On the other hand, the one party able to lead a gradual reform process -- ironically the ruling elite, such as the military in Egypt -- is largely unwilling to embark on a process that would slowly rid itself of its privileges and install a pluralistic, stable and prosperous system based on merit rather than patronage.
 
No one should be surprised by this. Ruling establishments in the Arab world have always made sure that political parties and civil society organizations are either suppressed or outlawed. There are few alternative leaders and systems.

In such an atmosphere, organized parties like the Muslim Brotherhood, which commands about 20% of the popular vote in Egypt, will be sure to use their organizational and mobilization skills to gain political representation that will exceed their popular strength. The ruling elite, fearful of this, will naturally resist opening up political systems and resort to economic and security measures in a desperate attempt to stem the tide of change.

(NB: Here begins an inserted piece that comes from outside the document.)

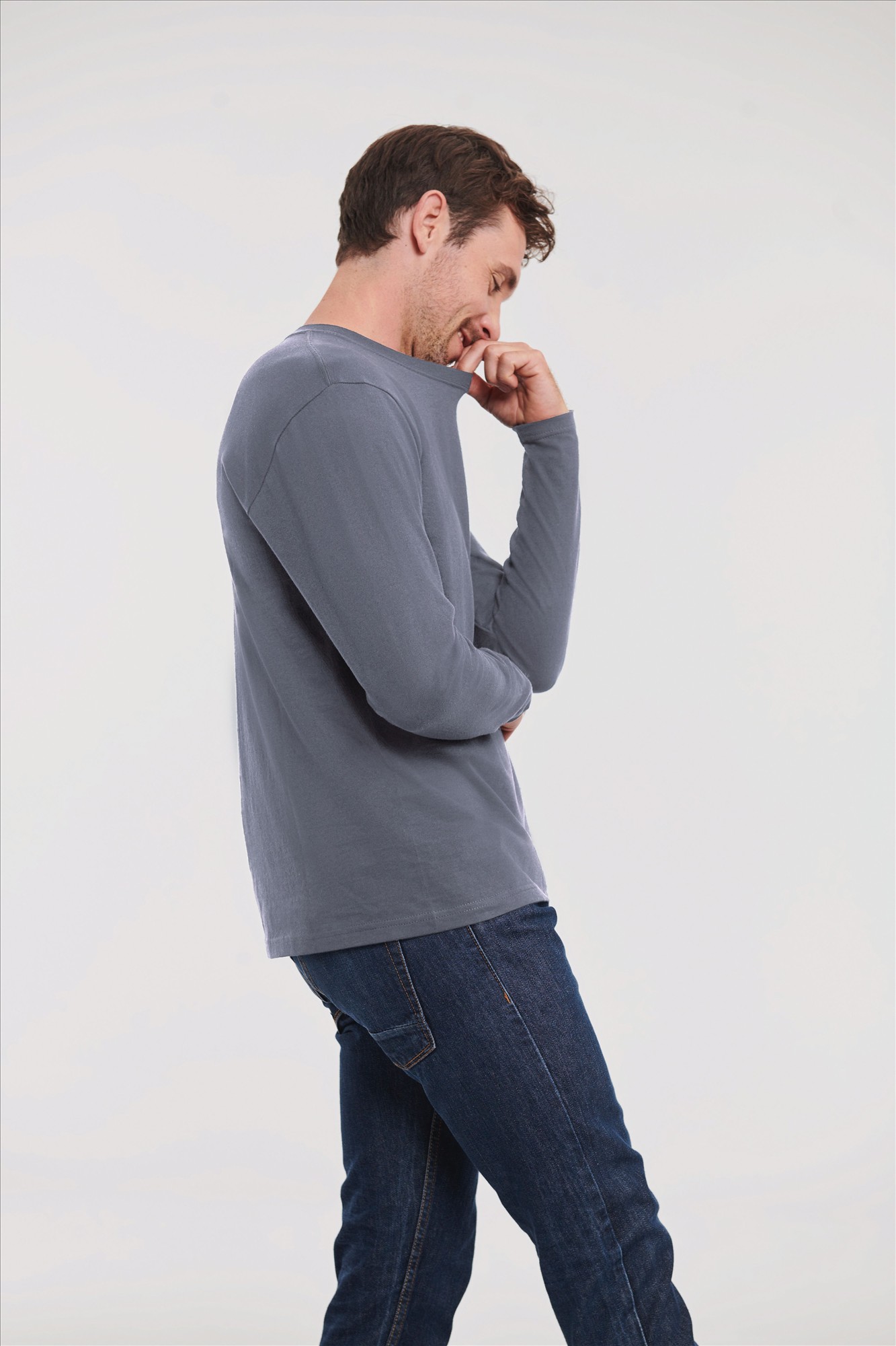 De Classic Long Sleeve T is de versie met lange mouwen van ons best verkochte Russell T-shirt, de Classic T. De tijdloze klassieke pasvorm, de hoogwaardige stof en productiekwaliteit zorgen voor een superieur draagcomfort en de beste printresultaten. Merk: Russell Classic Long Sleeve T. Materiaal:100% Ringspun katoen. Dike: 180 g/m2. Land van herkomst: Morocco. De foto met het model is bedoeld om de sfeer weer te geven. Let alstublieft niet op de kleur.
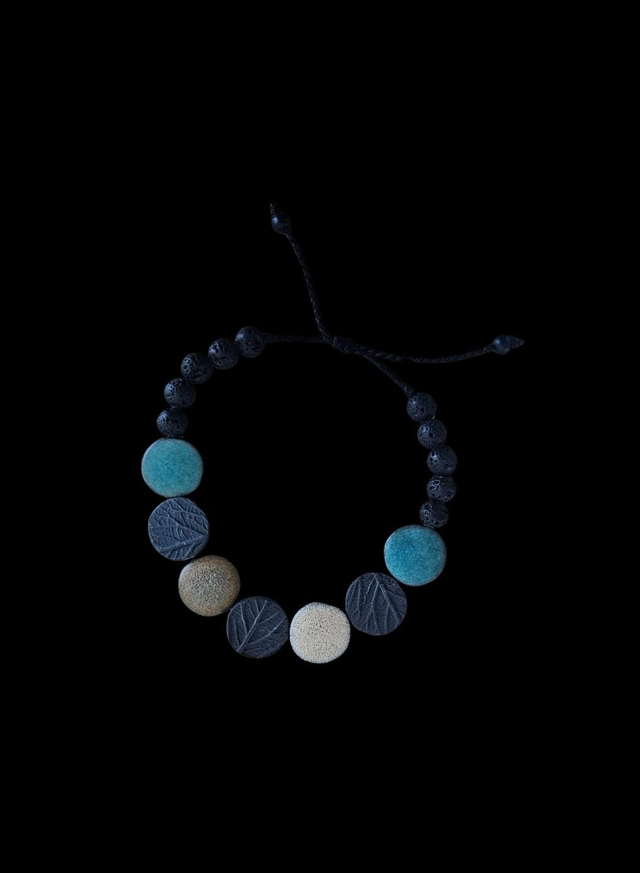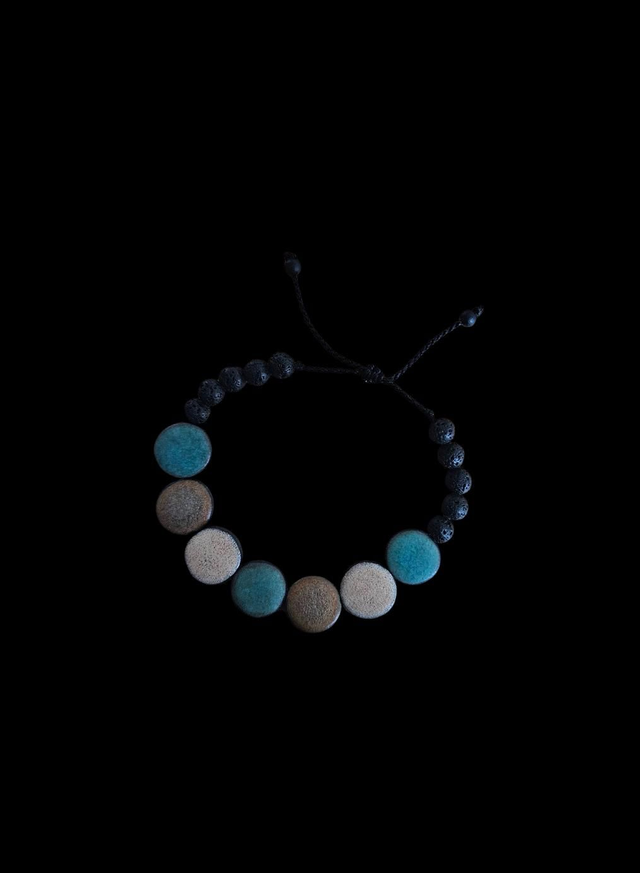 Découvrez ce bracelet composé de perles en porcelaine noire, dont la profondeur est rehaussée par un émail mat aux nuances naturelles, turquoise sable et marron clair.

But the only way to deal with opposition parties that are not totally committed to democracy is to gradually open up the political systems to real alternatives, instead of casting all protest votes against the ruling systems in favor of the Islamists. After the Arab public has a sense of what freedom feels like, it will not accept the replacement of secular autocrats by religious ones.

It would be wrong to assume that because of these difficulties, the uprisings will fizzle or die down. What has taken place in the Arab world is the start of a genuine and permanent process of change where the average citizen suddenly discovered real power. Although the ability to effect change peacefully is a new phenomenon in the Arab world, it is a wave that will only grow.

Organizations such as al Qaeda are the first to lose, having unsuccessfully preached violence. But so will ruling establishments, if they don't internalize the new reality and lead a serious reform process that redistributes power among the executive, legislative and judicial branches.

The only way to keep power in the Arab world from now on will be to share it. The process of change is one that will take decades to unfold, it won't be linear, and it will undergo many seasons, multiple times over. But it is irreversible.

During a recent trip to Jordan, I was most struck by a young generation no longer afraid to talk about all the issues relating to their future, and talk openly without taboos. This generation is not willing to live by the rules their parents faced, nor afraid of the powerful intelligence services in making their views known.

Both sides are wrong, however, to stick to tactics that don't work anymore. Protesters need to start organizing themselves into political parties, develop programs and build constituencies. They need to shift from starting change to institutionalizing it. Otherwise, they will be unable to maintain public support.

Ruling elites shouldn't conclude that the status quo can be maintained because public support for protests seems to be wavering. They need to understand that they cannot push aside opposition parties like the Muslim Brotherhood, act as if they don't exist or deal with them through security measures. Both ruling establishments and the protesters need to know that they have to engage in constituent politics.

Even with a quick change in Libya, the short-term future will be messy, very bumpy and undoubtedly feature lots of mistakes and missteps. But waiting and doing nothing is no longer an option.